# Using component and HDMI outputs siutaneously. Almost works, any help?



## higherdef (Feb 2, 2005)

I have a 211 in my basement running a Samsung 61" DLP (through component outputs). I recently put a Phillips 32" LCD on my screened porch about 20 feet away. I plugged the HDMI connection in to it and viola! Both systems are working...

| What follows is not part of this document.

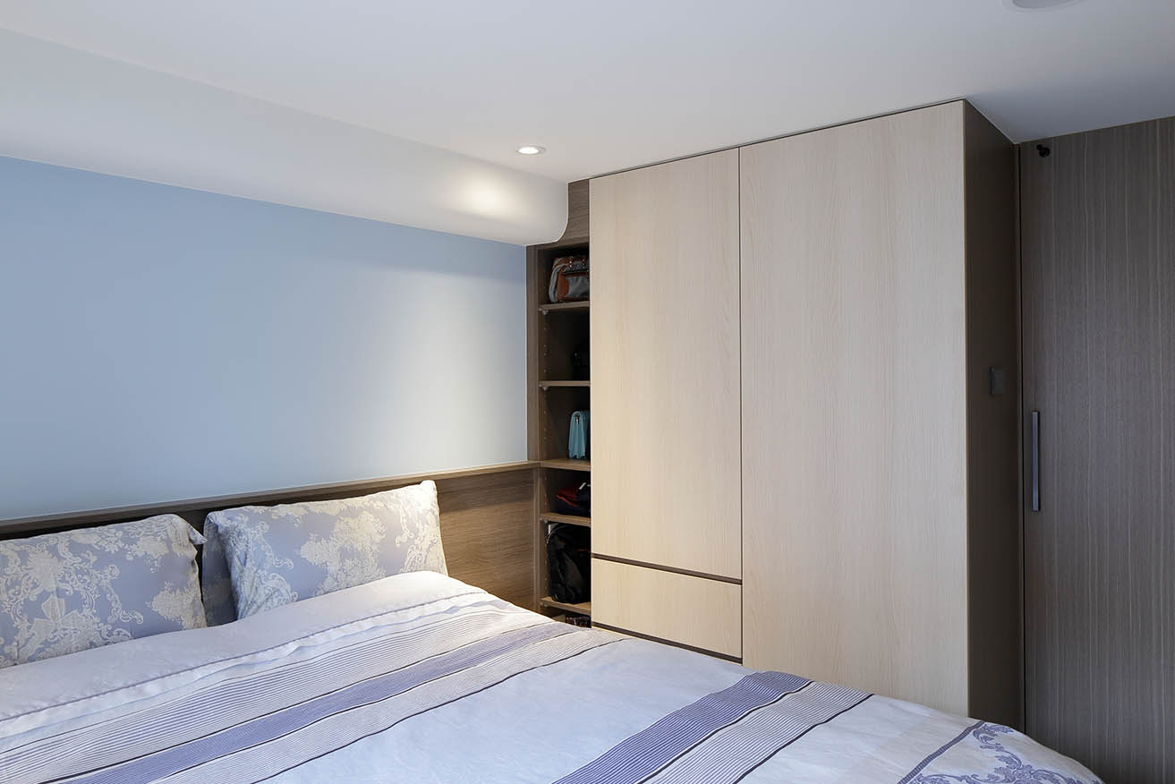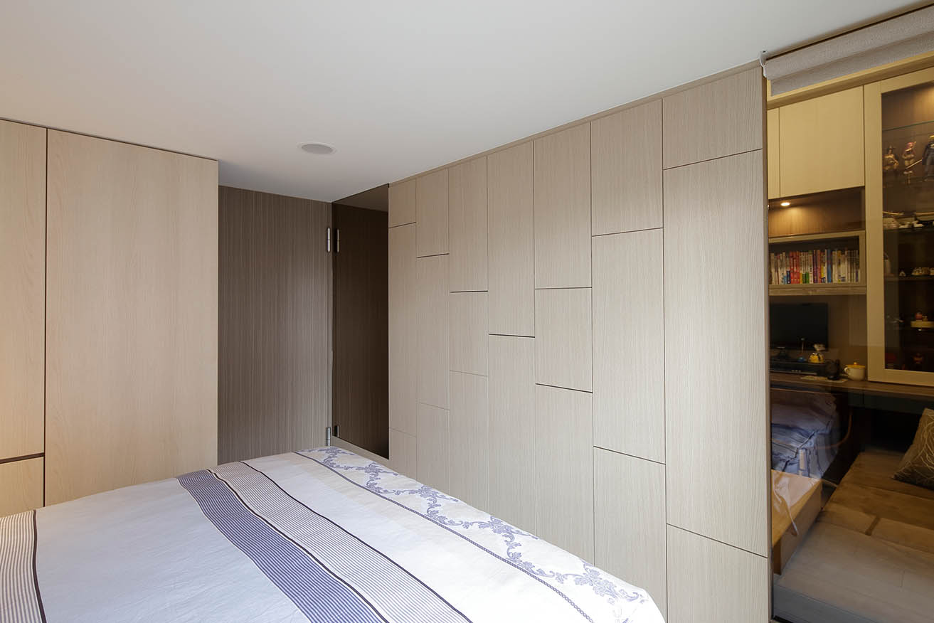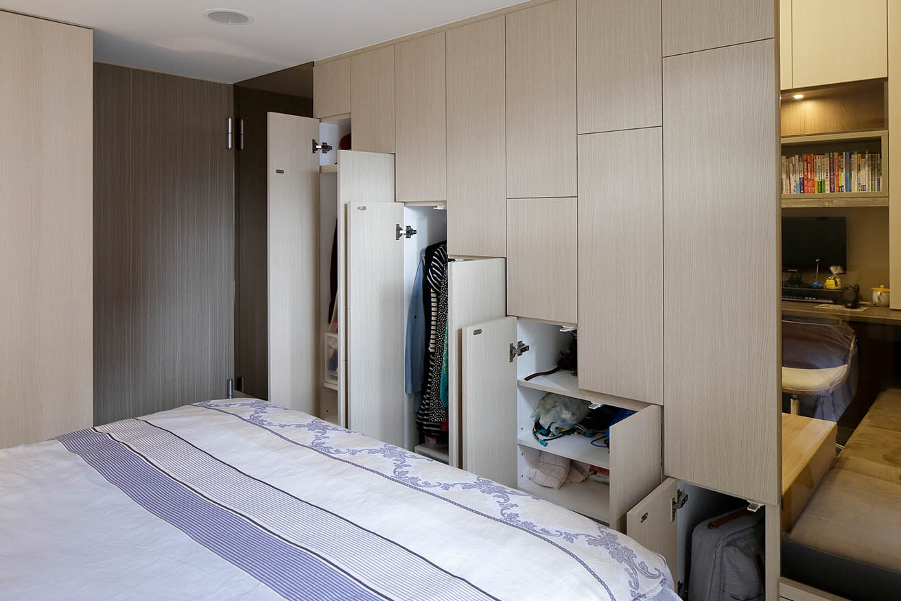 針對小坪數空間,使用面積更得精打細算,別放過家中任何一個角落,特別是樓梯下方的畸零空間,採用依高度漸進的收納櫃體,展現與臥室共通的高功能,可置入大體積的冰箱、與不同灰階色彩櫃子,搭配燈光調節氛圍,表現系統櫃的趣味性格。

... until I turn off the LCD. Then the DLP "blinks" about every 5 seconds. Looks like it is polling for the HDMI connection or something. Before I go spend a few hundred on on a 2:1 HDMI splitter (anybody know where to get one of these cheaper?), I'd like to know if there is some other resolution other than leaving the LCD on 24X7 or constantly plugging and unplugging the HDMI cable! Thx much.


----------



## conehead433 (Aug 27, 2006)

Anyone else have any experience trying to use both the component and HDMI connections going to different sets at the same time? I don't really want to get two receivers as I will only be watching either a Sony 57" CRT or a projection screen from a Panasonic AE700. And I want both to be in HD, therefore the two tuner setup of the 622 with one of the tuners being SD only wouldn't work for me. I suppose you could do the same (use HDMI and component) with a 622 as well. I surely don't want to have to keep both turned on to have a picture on the other. Having to swap cables would be a minor inconvenience. TIA


----------



## Deputy-Dawg (Jul 19, 2006)

I suspect that the only solution is to use the HDMI switch. The problem is, as you suspected, the fact that the HDMI ouput on the 211 is trying to shake hands with the HDMI input on your Phillips LCD. So long as the HDMI port sees termination (connected to another device) the HDCP protocol must be ovserved. You might try lowering your HD output to SD quality (480p or 480i) and see if that works. But then you would, of course, have a much poorer quality picture.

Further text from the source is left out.